──────── Entries shown ────────
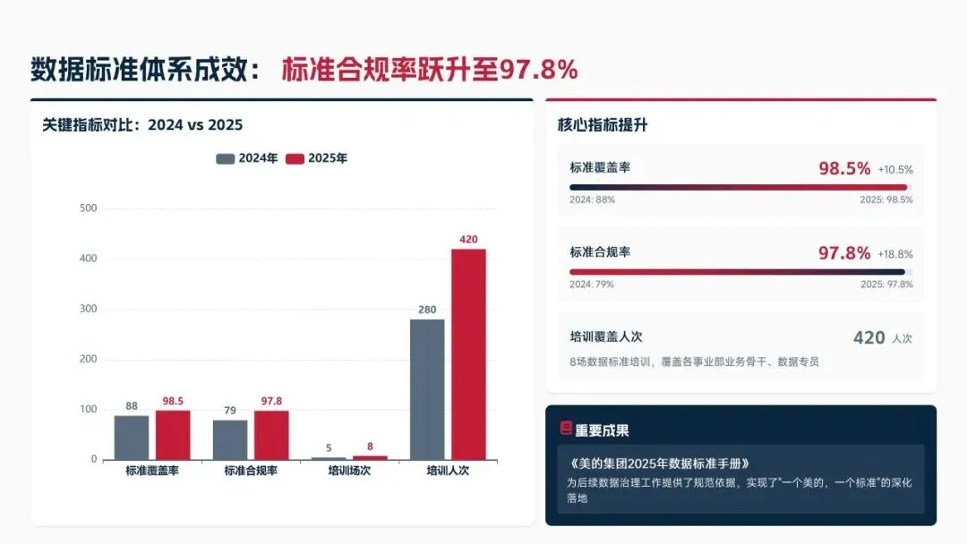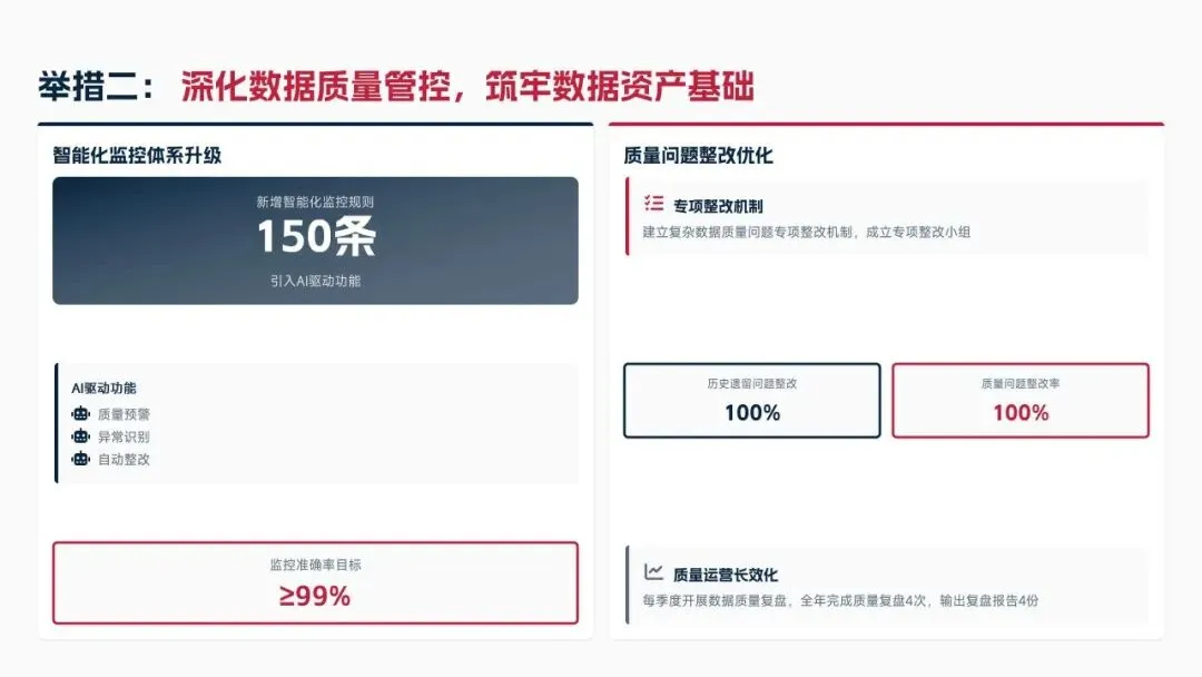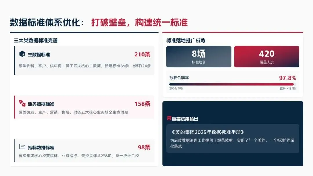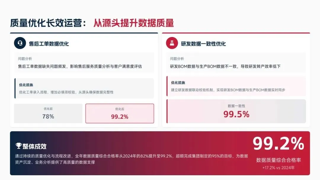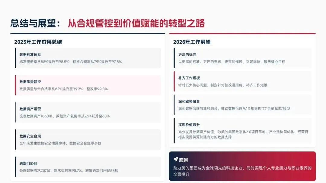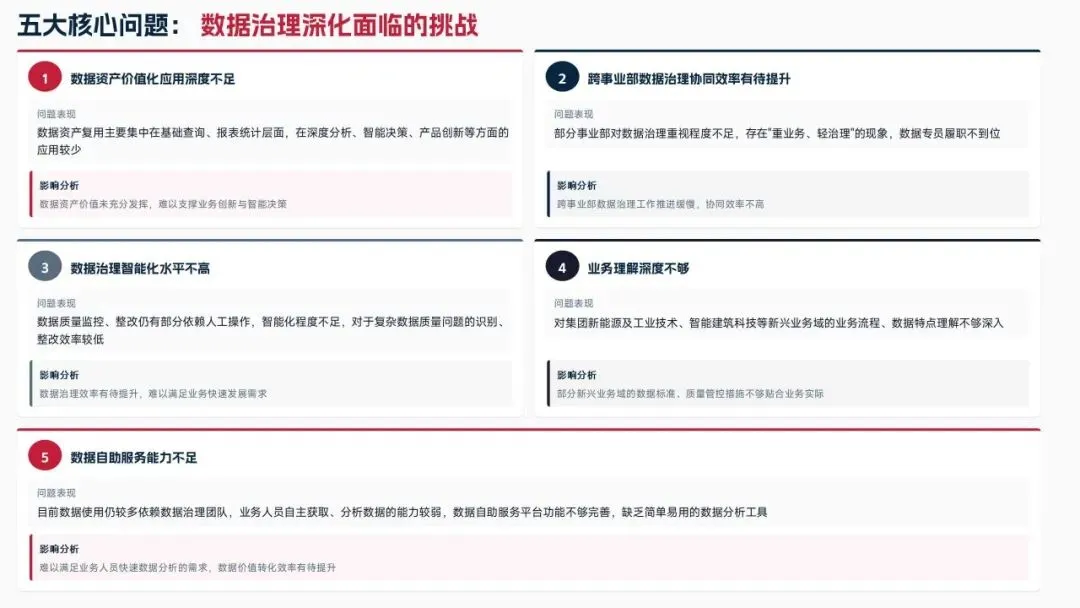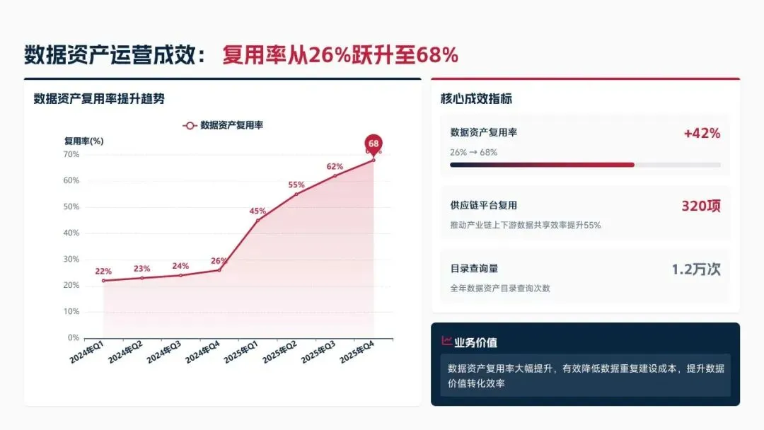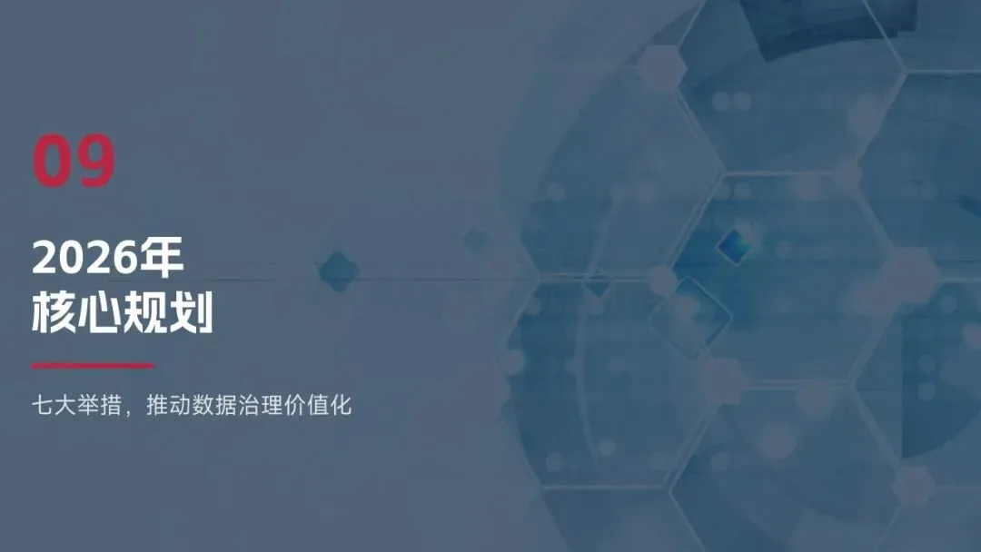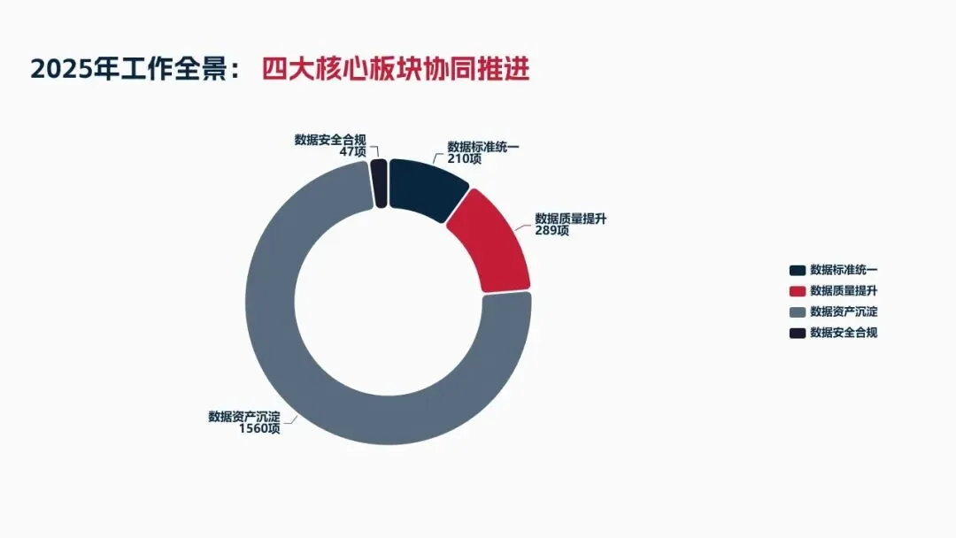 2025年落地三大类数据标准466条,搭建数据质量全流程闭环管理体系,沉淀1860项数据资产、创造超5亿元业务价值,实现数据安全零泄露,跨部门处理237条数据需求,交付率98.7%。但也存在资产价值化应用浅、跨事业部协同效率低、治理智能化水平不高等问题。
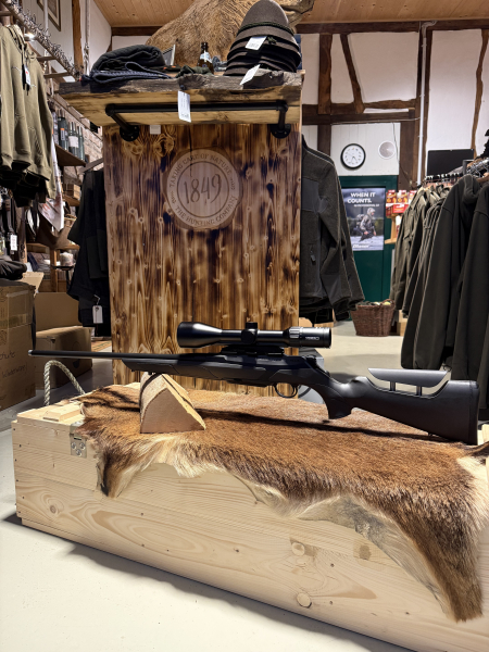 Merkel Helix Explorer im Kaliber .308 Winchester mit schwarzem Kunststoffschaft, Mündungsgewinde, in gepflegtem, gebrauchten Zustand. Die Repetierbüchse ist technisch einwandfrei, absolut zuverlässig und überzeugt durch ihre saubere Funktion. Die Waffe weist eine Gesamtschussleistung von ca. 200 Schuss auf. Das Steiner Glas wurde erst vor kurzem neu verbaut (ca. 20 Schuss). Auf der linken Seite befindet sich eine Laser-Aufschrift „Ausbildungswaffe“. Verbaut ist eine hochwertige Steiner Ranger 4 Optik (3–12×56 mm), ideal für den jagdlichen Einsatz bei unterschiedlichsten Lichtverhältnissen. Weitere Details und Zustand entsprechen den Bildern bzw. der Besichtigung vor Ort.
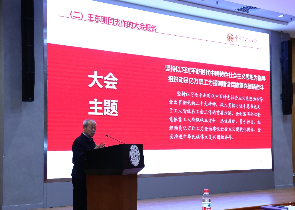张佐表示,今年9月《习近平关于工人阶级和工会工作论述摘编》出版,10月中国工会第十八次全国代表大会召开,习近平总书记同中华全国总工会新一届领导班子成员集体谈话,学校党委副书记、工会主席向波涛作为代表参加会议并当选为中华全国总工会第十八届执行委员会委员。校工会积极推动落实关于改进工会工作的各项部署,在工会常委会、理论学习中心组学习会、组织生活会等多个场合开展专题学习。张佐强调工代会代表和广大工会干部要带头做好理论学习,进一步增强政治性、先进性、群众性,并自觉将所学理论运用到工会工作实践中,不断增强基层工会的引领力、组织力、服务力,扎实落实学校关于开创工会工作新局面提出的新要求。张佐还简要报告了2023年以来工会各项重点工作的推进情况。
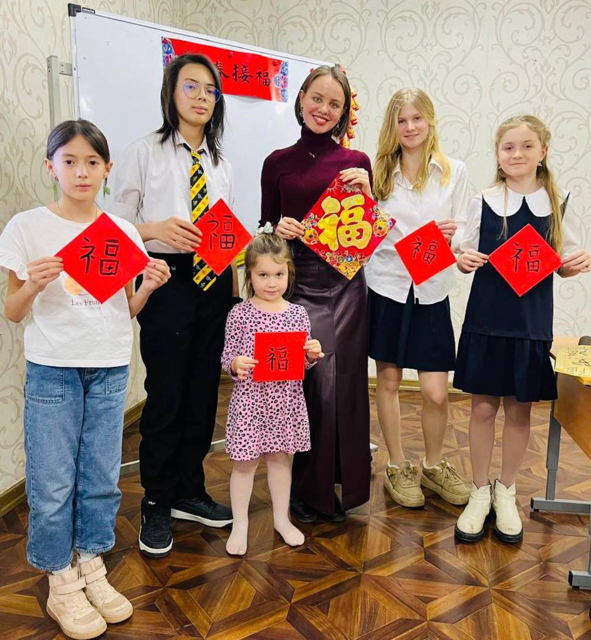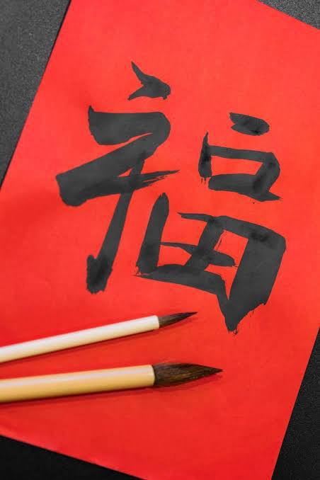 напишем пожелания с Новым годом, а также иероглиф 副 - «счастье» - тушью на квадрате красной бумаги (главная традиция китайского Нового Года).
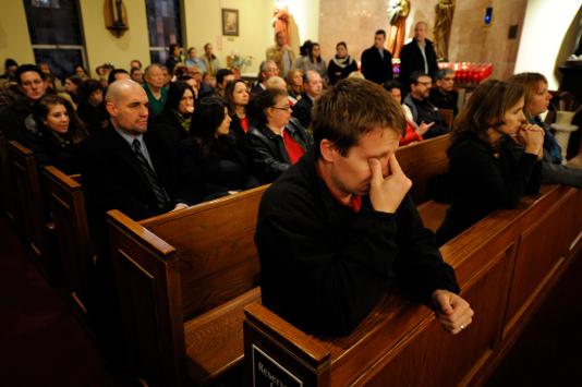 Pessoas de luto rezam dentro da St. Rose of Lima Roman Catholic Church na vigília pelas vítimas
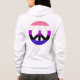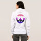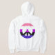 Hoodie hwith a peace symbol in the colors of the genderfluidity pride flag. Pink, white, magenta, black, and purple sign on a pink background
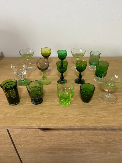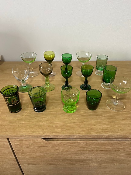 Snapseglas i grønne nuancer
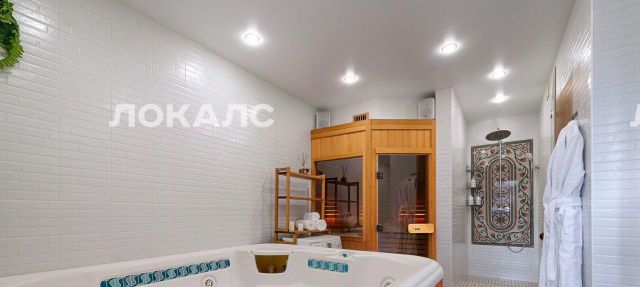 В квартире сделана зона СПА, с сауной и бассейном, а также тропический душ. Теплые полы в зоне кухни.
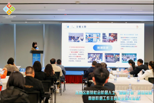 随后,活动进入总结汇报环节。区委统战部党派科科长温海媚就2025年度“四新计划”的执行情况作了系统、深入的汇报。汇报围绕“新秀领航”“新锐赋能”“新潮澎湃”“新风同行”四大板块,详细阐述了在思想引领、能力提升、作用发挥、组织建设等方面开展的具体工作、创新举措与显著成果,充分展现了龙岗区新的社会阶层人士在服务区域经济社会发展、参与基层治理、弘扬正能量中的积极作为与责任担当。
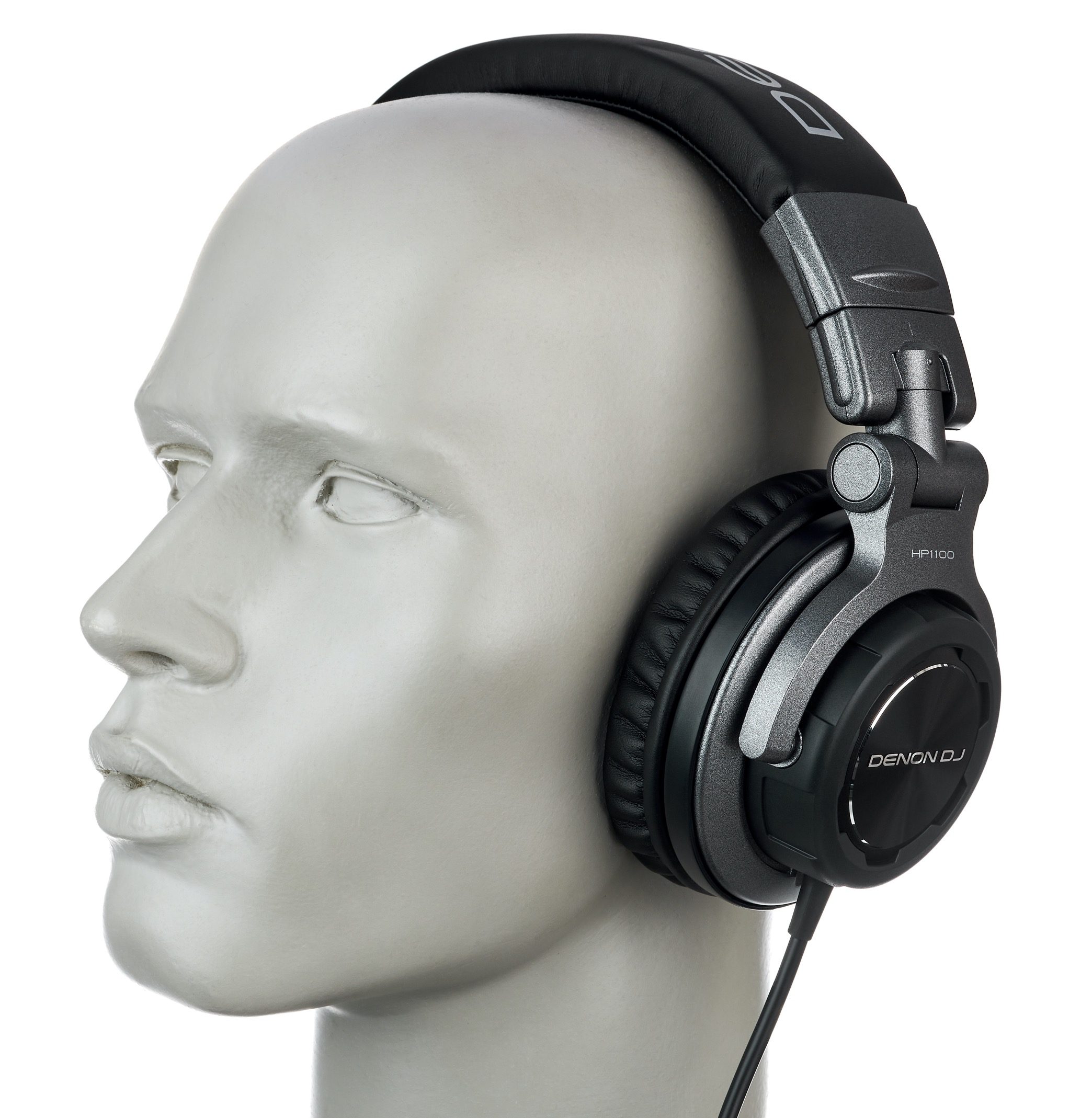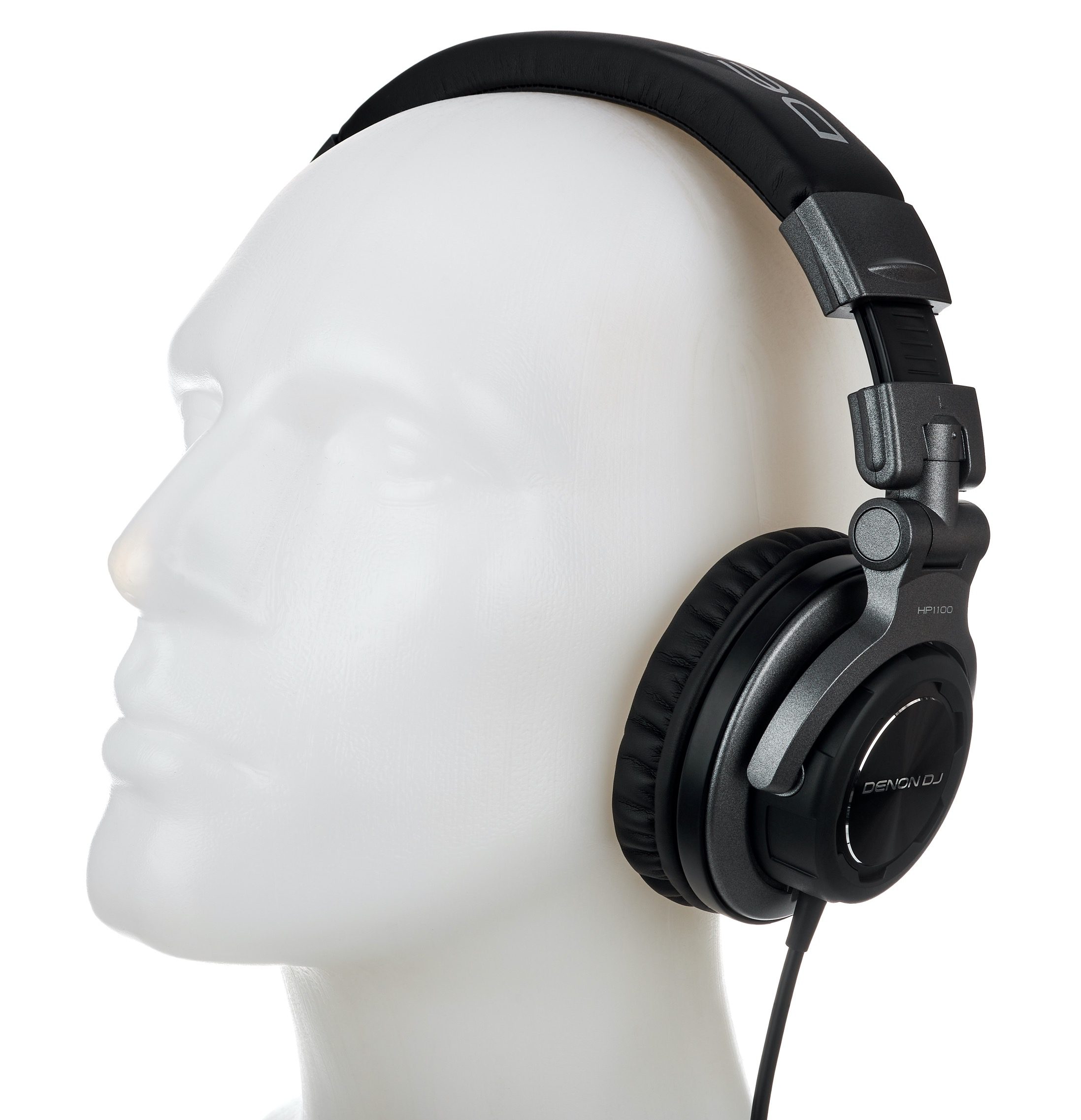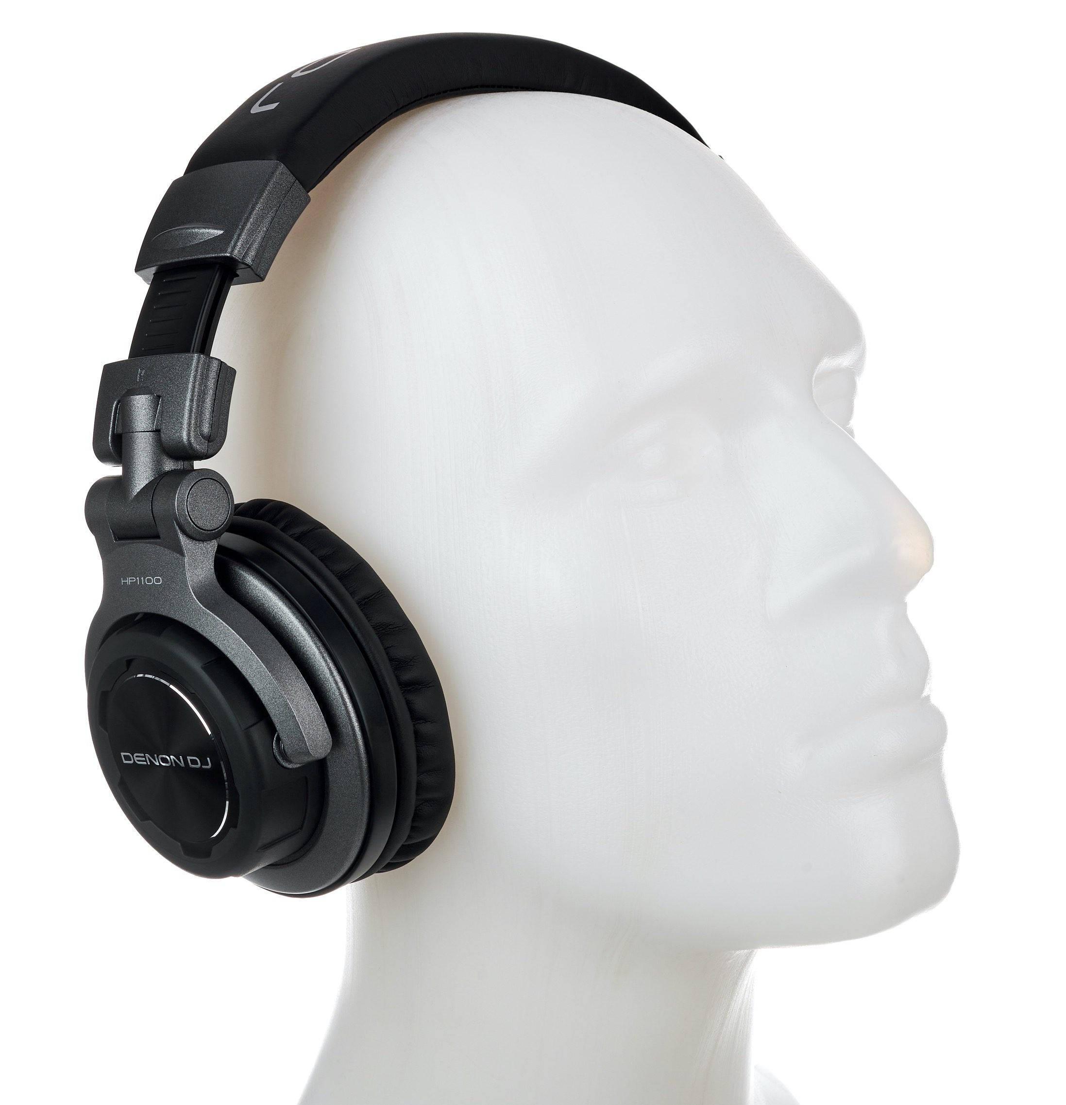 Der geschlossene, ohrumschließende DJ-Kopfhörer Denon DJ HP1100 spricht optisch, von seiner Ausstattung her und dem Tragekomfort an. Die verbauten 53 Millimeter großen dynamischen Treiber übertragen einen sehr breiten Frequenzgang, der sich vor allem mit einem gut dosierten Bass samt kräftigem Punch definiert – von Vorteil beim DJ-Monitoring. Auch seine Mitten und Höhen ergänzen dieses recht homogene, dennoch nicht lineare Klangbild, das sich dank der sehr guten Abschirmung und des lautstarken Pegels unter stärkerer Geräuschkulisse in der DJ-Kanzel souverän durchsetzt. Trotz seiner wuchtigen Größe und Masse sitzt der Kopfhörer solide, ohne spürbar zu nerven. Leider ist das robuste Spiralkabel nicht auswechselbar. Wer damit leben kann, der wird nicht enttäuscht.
────────
■ Task objective:
From the line containing "Hoodie hwith a" through the line containing "随后,活动进入总结汇报环节。", copy every line above exactly, without pictures.

■ The answer:
 Hoodie hwith a peace symbol in the colors of the genderfluidity pride flag. Pink, white, magenta, black, and purple sign on a pink background
 Snapseglas i grønne nuancer
 В квартире сделана зона СПА, с сауной и бассейном, а также тропический душ. Теплые полы в зоне кухни.
 随后,活动进入总结汇报环节。区委统战部党派科科长温海媚就2025年度“四新计划”的执行情况作了系统、深入的汇报。汇报围绕“新秀领航”“新锐赋能”“新潮澎湃”“新风同行”四大板块,详细阐述了在思想引领、能力提升、作用发挥、组织建设等方面开展的具体工作、创新举措与显著成果,充分展现了龙岗区新的社会阶层人士在服务区域经济社会发展、参与基层治理、弘扬正能量中的积极作为与责任担当。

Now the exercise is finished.